The agents leave the demonstration stage
If the speech on equipment was aimed at keeping Nvidia At the center of the inference, the software discourse was about ensuring that enterprise AI did not become someone else’s party. Huang said that “Claude Code and OpenClaw have triggered the agent inflection point,” adding that “employees will be supercharged by the specialized, custom border agent teams they will deploy and manage.”
Nvidia has coupled this rhetoric with its Agent Toolkit, its OpenShell runtime, and its AI-Q model – software that it says can help companies create autonomous agents with policy guardrails and, in the case of AI-Q, reduce query costs by more than 50% through a hybrid mix of border and Nvidiaour own open models.
There was a strategic hedge nestled throughout this opening. Nvidia has unveiled the Nemotron Coalition with Black Forest Labs, Cursor, LangChain, Mistral, Perplexity, Reflection AI, Sarvam and Thinking Machines Lab, with the first project intended to support the upcoming Nemotron 4 family of models. Read the subtext, and it’s pretty clear that Nvidia doesn’t want the future of AI software to be neatly divided between a few giant vendors of closed models and a stack of commodity hardware underneath. He also wants a hand in the open model layer – the element that determines who can build, tune and own AI outside the walls of the biggest labs.
The robot’s pitch is getting bigger
Huang expanded NvidiaThe story of went beyond digital assistants for a while, and GTC pushed this theme even harder. Nvidia announced a plan for a physical AI data factory with Microsoft $MSFT Azure and Nebius, intended to automate how training data is generated, augmented and evaluated for robotics, vision AI agents and autonomous vehicles. The pitch is pretty simple: real-world data is scarce, edge cases are boring, and synthetic data and simulation can turn computation into the raw material these systems need.
Huang also previewed the GR00T N2, a next-generation robot base model based on DreamZero research that the company says more than doubles the success compared to leading VLA models on new tasks in new environments. This section of the keynote will perhaps end up aging the best. Chatbots have excited Wall Street.

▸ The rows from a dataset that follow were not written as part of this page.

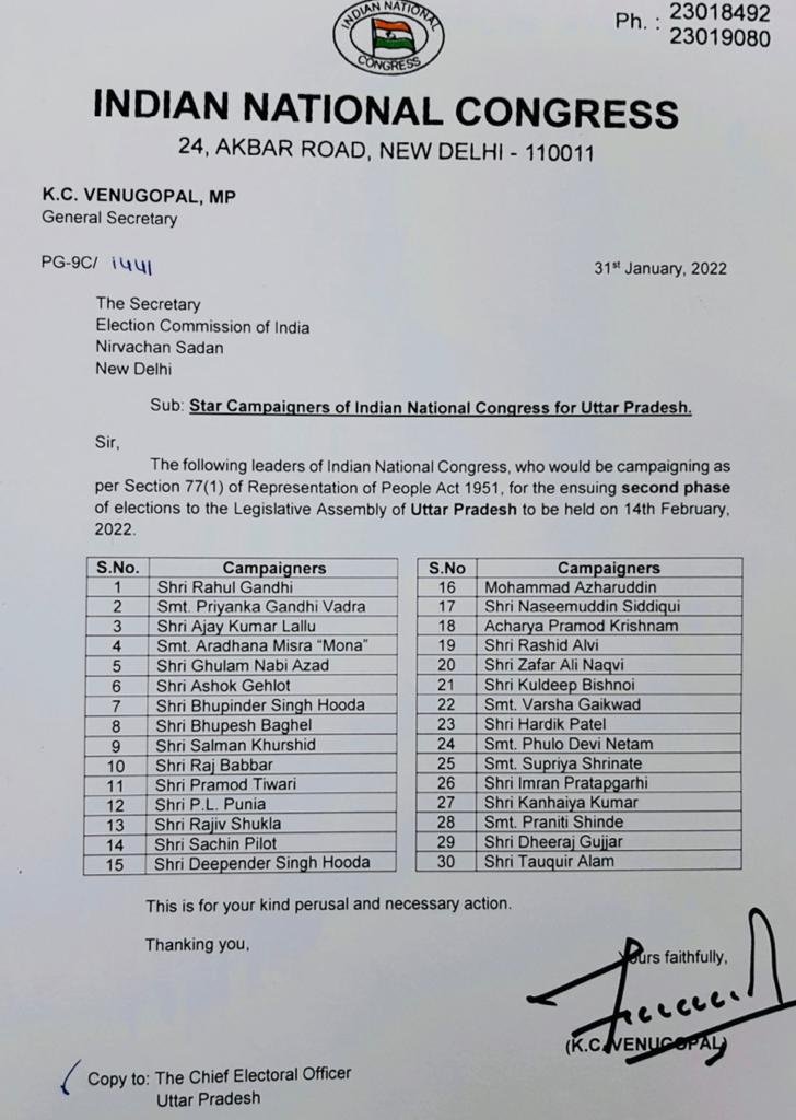 कांग्रेस ने जिन 30 स्टार प्रचारकों की लिस्ट जारी की है उसमें सांसद राहुल गांधी, महासचिव व उत्तर प्रदेश प्रभारी प्रियंका गांधी, प्रदेश अध्यक्ष अजय लल्लू, आराधना मिश्र मोना, गुलाम नबी आजाद, अशोक गहलोत, भूपेंद्र सिंह हुड्डा, भूपेश बघेल, सलमान खुर्शीद, राज बब्बर, प्रमोद तिवारी, पीएल पुनिया, राजीव शुक्ला, सचिन पायलट, दीपेंद्र सिंह हुड्डा को जगह मिली है। नसीमुद्दीन सिद्दीकी, आचार्य प्रमोद कृष्णम, जफर अली नकवी, कुलदीप बिश्नोई, वर्षा गायकवाड़, हार्दिक पटेल भी इस लिस्ट में शामिल हैं।
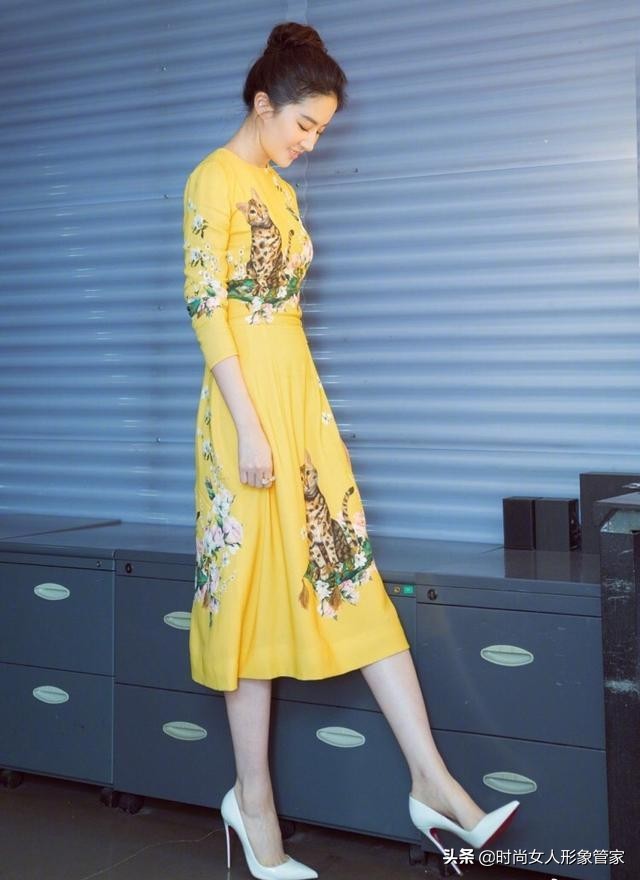 像“神仙姐姐”刘亦菲真的是白到发光的双脚,脚上踩着一双高跟鞋,一下气质感就出来了,显得高级大气,特别有女人味,在搭配上一件连衣裙,扎着一款丸子头发型,美腻了,如何穿搭都是那么的自然。
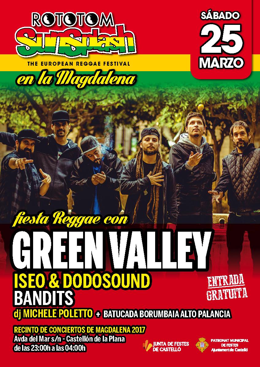 cea16e67-f878-4e99-9769-92b44c68a3b6El calendario de Launch Parties que el Rototom Sunsplash está preparando para presentar su próxima edición empieza a tomar forma. Castellón será la primera parada de esta gira especial, que llevará la mejor música reggae a diferentes ciudades de España y Europa. En concreto, el sábado 25 de marzo el recinto de conciertos de Castellón acogerá, coincidiendo con las Fiestas de la Magdalena, un macroconcierto gratuito que contará con las actuaciones de Green Valley, Iseo & Dodo Sound, Bandits, el DJ Michele Poletto y la batucada Alto Palancia.

Physical AI is the thing that could keep infrastructure frenzied for years to come, because robots, industrial systems, and autonomous machines don’t just need models: they need endless amounts of training data, simulation, networking, sensors, and edge computing. Huang even took the story a step further and said Nvidia is going into space, with future Vera Rubin-based systems aimed at orbital data centers and autonomous space operations. Of course, this sounds a bit like a man who discovered that there are still a few untouched sectors on the bingo card. But it also looks like a company determined to make “AI infrastructure” mean almost every expensive machine in sight.
Once Huang finished, the keynote seemed bigger than a commencement calendar. It looked like an empire map. Yes, there was DLSS 5 for graphics, new tie-ins with industrial software, cutting-edge telecommunications partnerships, and an avalanche of plumbing for developers. But the lasting result was simpler and much more important: Nvidia wants AI to stop being understood as a category of software and start being treated as an infrastructure project on a public service scale, with NvidiaHardware and software are integrated into each layer.
It’s a very Jensen Huang message – carefully presented and slightly modest. What’s disconcerting for his competitors is that, for now at least, he still has plenty of customers willing to rely on him.